Despite many organisations using analytics at a strategic level, their deployment of a full-blown analytics strategy is not yet underway, according to a new survey revealed by SAS on the second day of the SAS Analytics X 2018 event in Milan.

The research commissioned by the analytics provider, entitled “Here and Now: The need for an analytics platform”, recorded around 500 responses from IT and business professionals in multiple industries globally.

Just four in 10 respondents, or 39 percent, said analytics is core to their organisation’s business strategy, while 35 percent said it is used for tactical projects only.

The research suggests that while companies know analytics can help them, many lack a clear understanding of how to strategically deploy analytics insights.

SAS analytics
SAS’s analytics dashboard

“When we speak with business leader who are scaling up to use analytics and AI strategically, challenges they commonly identify are the need for an enterprise analytics platform and access to talent with data science and analytics skills,” said Randy Guard at SAS.

“With AI now top-of-mind for many organisations, it’s more important than ever to have a powerful, streamlined analytics capability,” said Guard. “AI can only be as effective as the analytics behind it, and as analytical workloads increase, a comprehensive platform strategy is the best way to ensure success at scale.”

There is also a lack of skills and leadership available to maximise the potential of analytics, with many companies struggling to manage analytics tools and data management processes.

SAS Analytics X: Orgs Must Put Analytics at the Heart of Strategic Planning

Business leaders also appear split on the benefits of an analytics platform; 61 percent of those surveyed said it’s used to extract insight and value from data; 59 percent said one of its roles is to have an integrated or centralised data framework; while 43 percent said it’s to provide modelling and algorithms for AI and machine learning.

The top five benefits of an analytics platform were named as less time spent on data preparation and cleaning, smarter decision-making, faster time to insights, less effort to generate insights from data, and greater agility in extracting data.

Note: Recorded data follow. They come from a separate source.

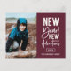 New Year New Adventures, holiday photo postcard. Features modern chic white typography on purple with single photo on front.
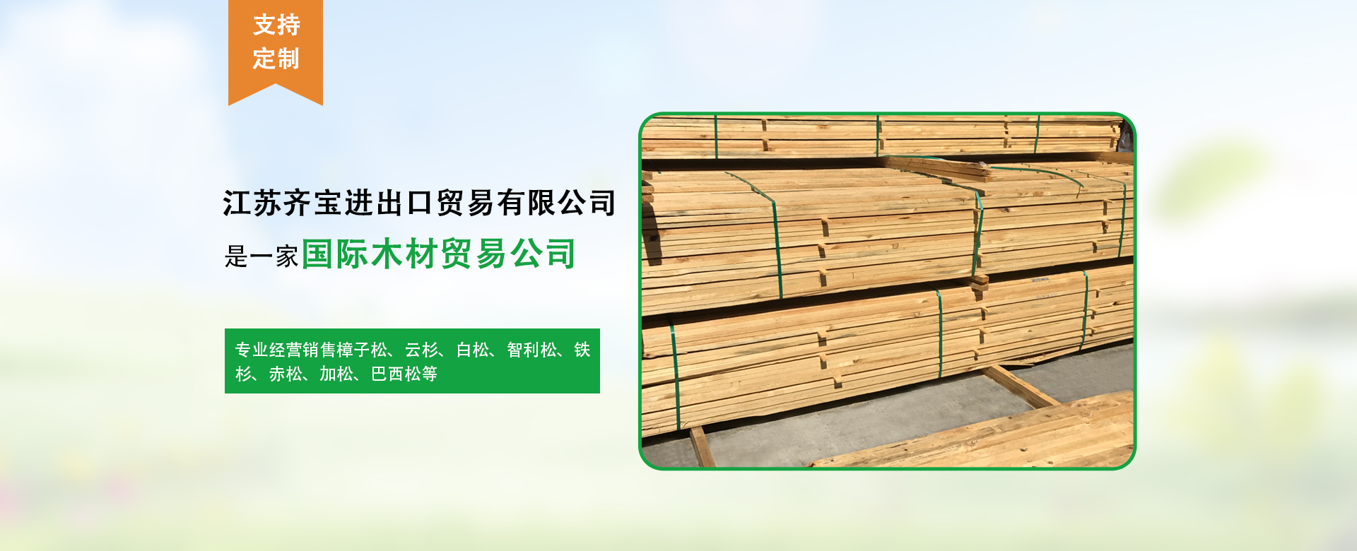江蘇齊寶進出口貿易有限公司是成立于2011年位于太倉港區的一家國際木材貿易公司,專業經營銷售樟子松,云杉,白松,智利松,鐵杉,赤松,加松,巴西松等,目前我公司進貨量約200000m3/年...
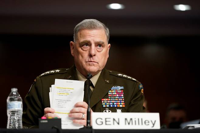 마크 밀리 미국 합참의장(사진)은 28일(현지시간) 지난달 미군의 아프가니스탄 철군으로 20년 전쟁이 탈레반 재집권으로 마무리된 데 대해 ‘전략적 실패’라고 평가했다. 밀리 합참의장은 최소 2500명의 미군 병력을 잔류시키자는 것이 자신의 의견이었다고 밝혔다.
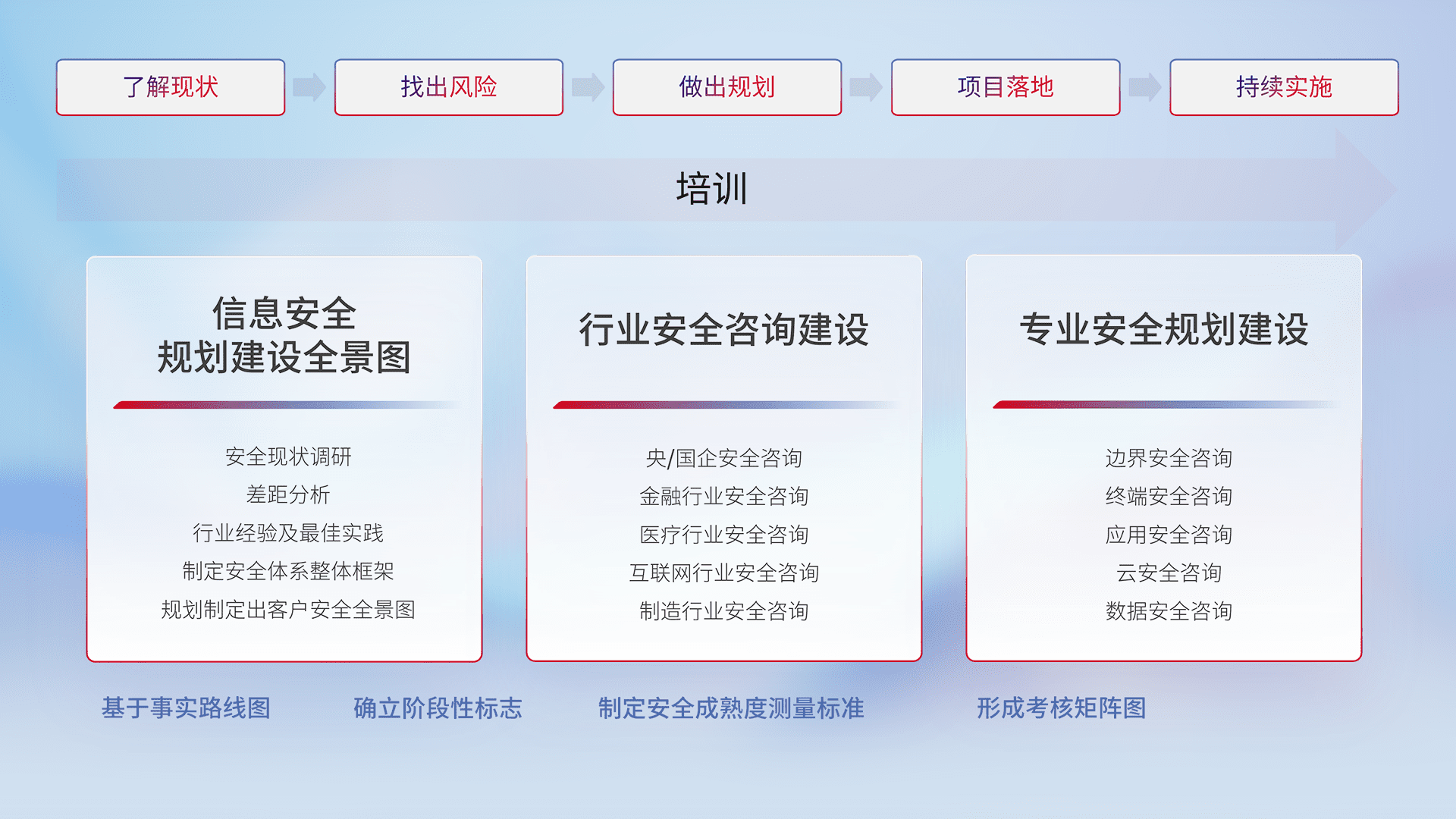 针对客户行业特性,,,,将宏观的安全战略和需求,,通过专业的交付服务,,,实现项目落地,,为客户提供标准规范的集成交付服务。。。
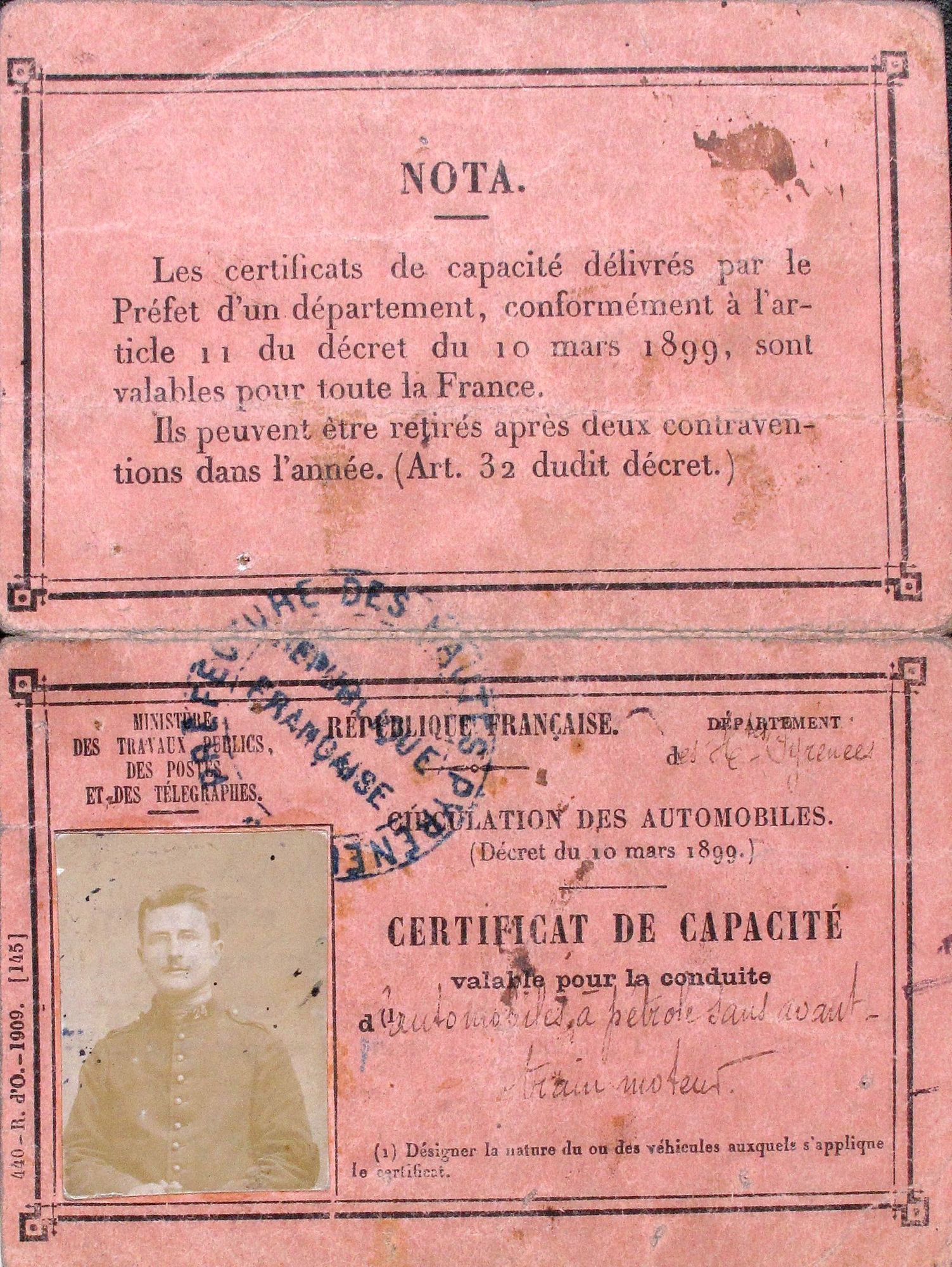 Par décret du 31 décembre 1922, est instauré le permis de conduire. A compter de cette date, « nul ne peut conduire un véhicule automobile s'il n'est porteur d'un certificat de capacité délivré par le préfet du département de sa résidence, sur l'avis favorable d'un expert accrédité par le ministre des Travaux publics. Ce permis ne pourra être délivré à l'avenir qu'à des candidats âgés d'au moins 18 ans. Il ne pourra être utilisé pour la conduite soit des voilures affectées à des transports en commun, soit des véhicules dont le poids en charge dépasse 3.000 kg, que s'il porte une mention spéciale à cet effet. »
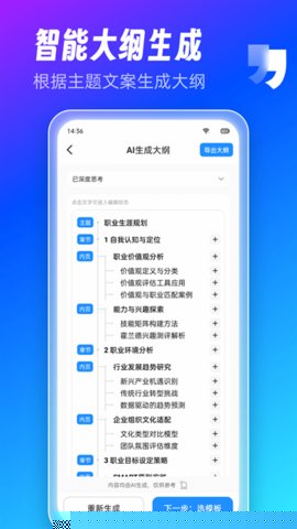 大纲审阅与编辑:系统会首先生成一份详细的文稿大纲页面。在此阶段,请务必仔细预览各个章节的标题与要点内容。您可以对章节顺序进行拖拽调整,对不满意的标题或要点进行文字修改,甚至删除或添加新的小节。这是确保最终文稿内容符合您思路的关键一步,确认无误后,点击下一步。
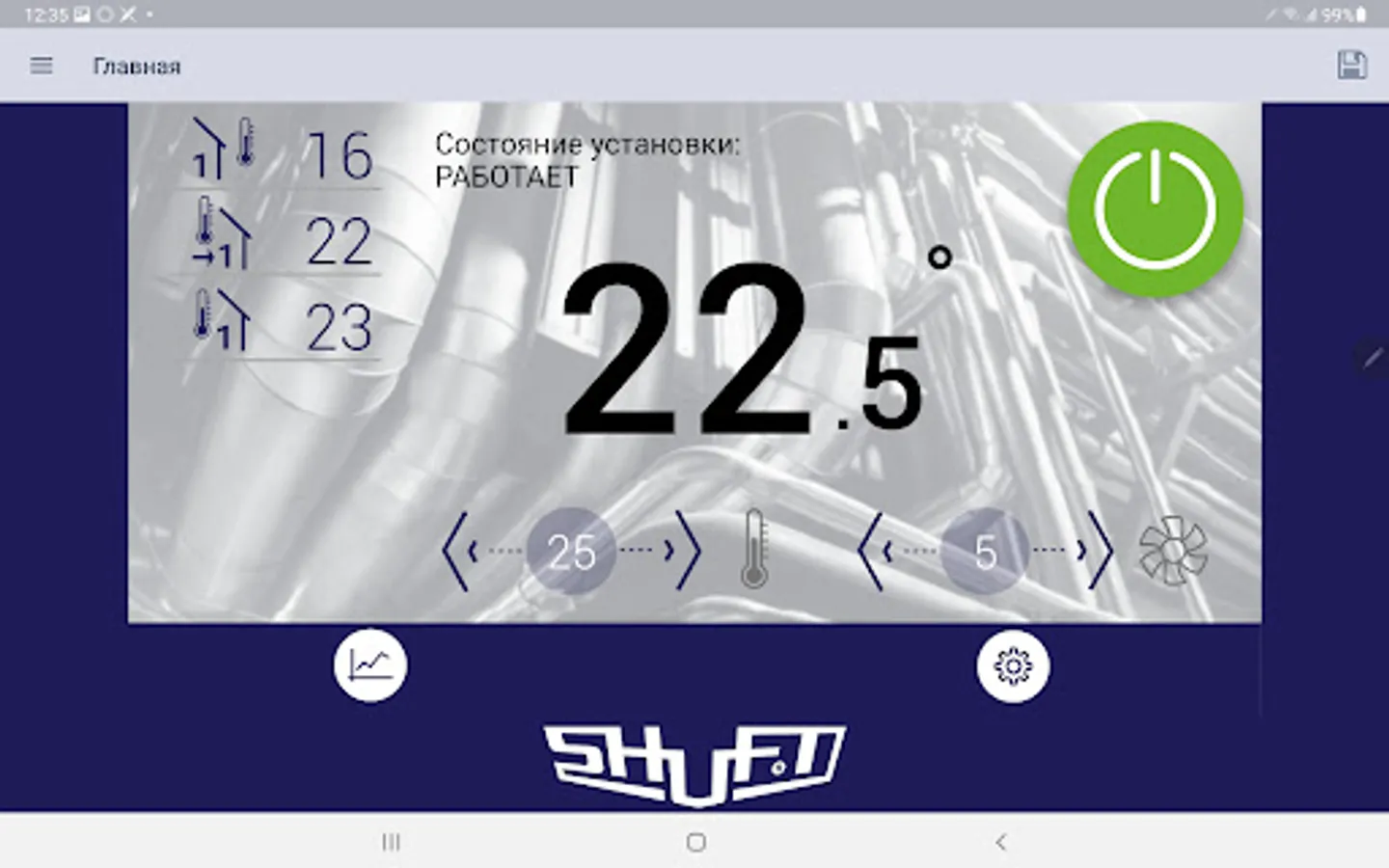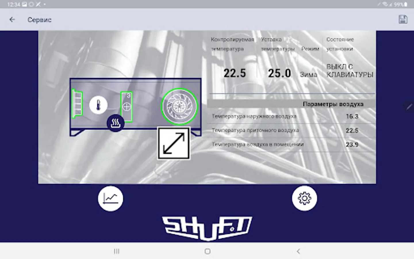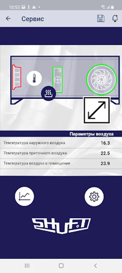 Shuft Application interacts to the new generation AHU controllers and makes possible to control room air parameters to make it comfortable. This is the advanced level of the industrial and residential AHU control. Unit parameters accessed securely via the Application. Different access levels available - User, Service and Manufacturer for the advanced unit setup during production.

SAS said businesses are not getting the most out of their analytics investments, but are perusing analytical insight as a priority.

The research also said that 72 percent of organisations claim analytics helps them generate valuable insight, while 60 percent said their analytics resources have made them more innovative.

Analytics teams are also more confident (66 percent) in their ability to meet future analytics workloads, compared to 59 percent in standard IT roles.

SAS CTO Oliver Schabenberger said at Analytics X that the AI boom we are experiencing is an “analytics boom”.

“Today we have access to a different source of knowledge about the world: Data,” he said.

“At the heart of today’s AI revolution is data science, solving a highly non-linear problem by fitting models to data using statistics, advanced analytics, optimisation, machine learning, deep learning, and so on.

“AI today is not based on writing down rules, it is based on training models by processing data.”